### Task objective
Pictures aside, reproduce exactly and only the lines below, starting at the one containing "2月9日,招聘平台(智联招聘" and ending at the last line.

### Data segment
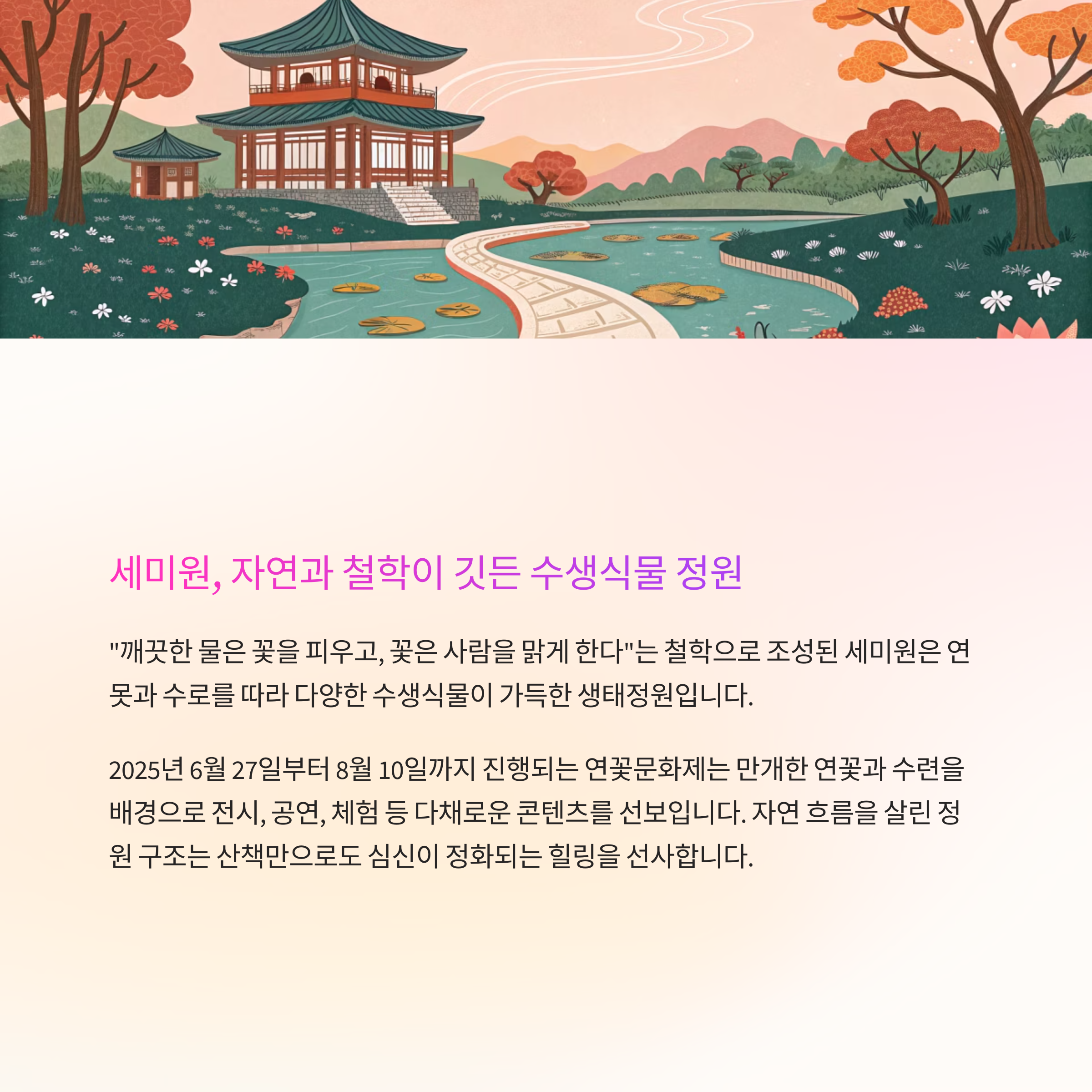 전시, 공연, 체험 등 다채로운 콘텐츠를 선보입니다. 자연과 전통, 그리고 예술이 공존하는 세미원 연꽃문화제의
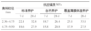透水混凝土與普通混凝土相比孔隙率要大的多,且多為 連續(xù)孔,新拌料成型后拌合水非常易于蒸發(fā)損失[4], 因此必須研究適當(dāng)?shù)酿B(yǎng)護(hù)方法來保證透水混凝土強(qiáng)度的正常發(fā)展。
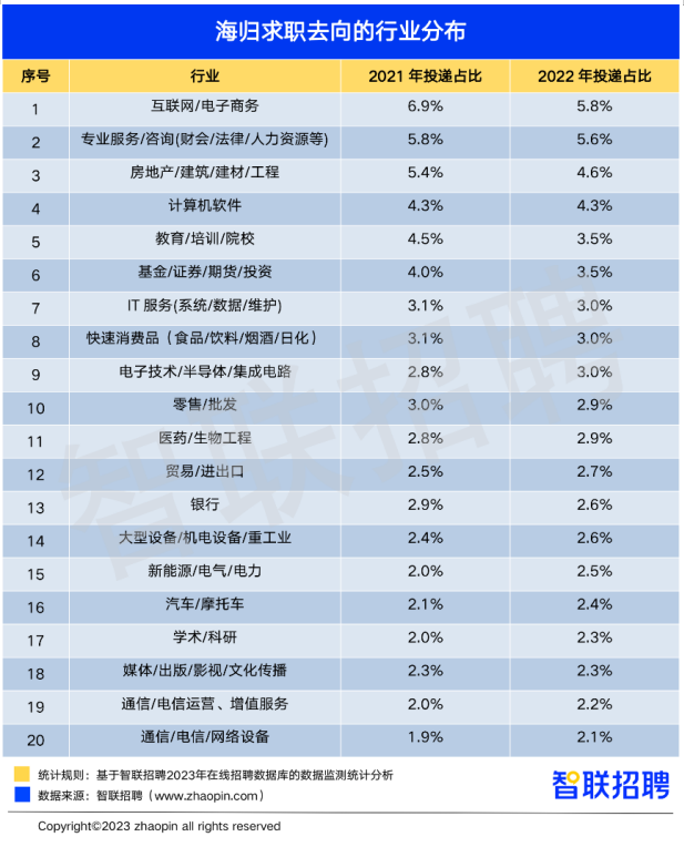 2月9日,招聘平台(智联招聘)发布《2022中国海归就业调查报告》,结合平台大数据及问卷调研,重点关注2022年海归群体的就业形势。数据显示,2020年以来,在国内求职的海归数量明显增长。与2021年相比,2022年应届留学生规模同比增长8.6%,回国求职留学生数量再创新高。从企业招聘的角度来看,专业服务、生物医药、装备制造行业对海归招聘需求进一步扩大。
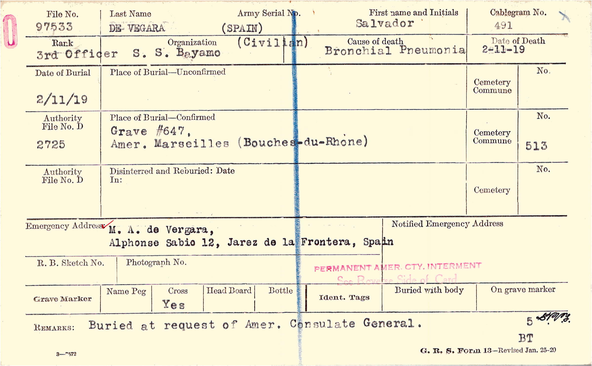 Grave #647, Amer., Marseilles, Bouches-du-Rhone

### Task solution
 2月9日,招聘平台(智联招聘)发布《2022中国海归就业调查报告》,结合平台大数据及问卷调研,重点关注2022年海归群体的就业形势。数据显示,2020年以来,在国内求职的海归数量明显增长。与2021年相比,2022年应届留学生规模同比增长8.6%,回国求职留学生数量再创新高。从企业招聘的角度来看,专业服务、生物医药、装备制造行业对海归招聘需求进一步扩大。
 Grave #647, Amer., Marseilles, Bouches-du-Rhone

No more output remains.